[Directions] Write out exactly the lines running from the one with "A PAIR OF ARMCHAIRS, WOODEN" to the end of the data, including both of those lines and excluding pictures.

[The data]
══════════
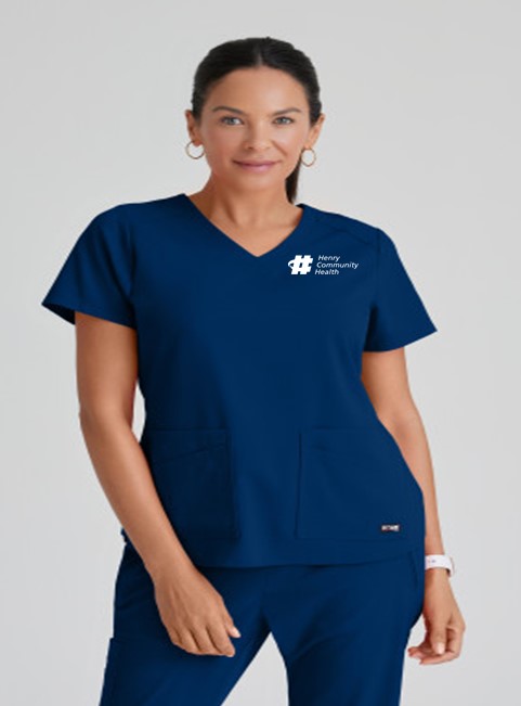 4 Pocket, V-Neck Top with angled seams 74% Polyester/23% Rayon/3% Spandex Twill
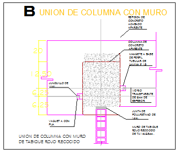 Column Union with wall detail design drawing
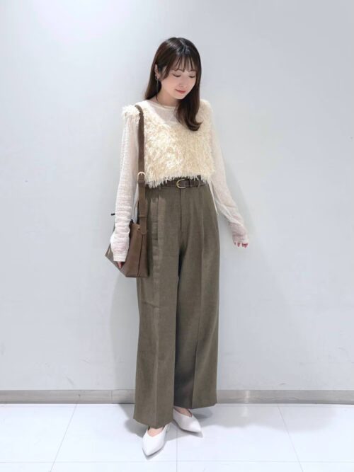 レーストップスにフェザーベストを重ねた上品でキレイめな春コーデ。
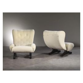 A PAIR OF ARMCHAIRS, WOODEN STRUCTURE, WHITE FABRIC UPHOLSTERY
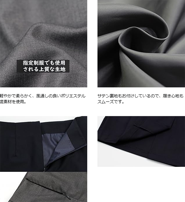 - オフィスでの事務服やスーツ用、さらにはカジュアルなデイリーユースまで幅広く対応できるシンプルなペンシルスカートです。
══════════
[Result for this exercise]
 A PAIR OF ARMCHAIRS, WOODEN STRUCTURE, WHITE FABRIC UPHOLSTERY
 - オフィスでの事務服やスーツ用、さらにはカジュアルなデイリーユースまで幅広く対応できるシンプルなペンシルスカートです。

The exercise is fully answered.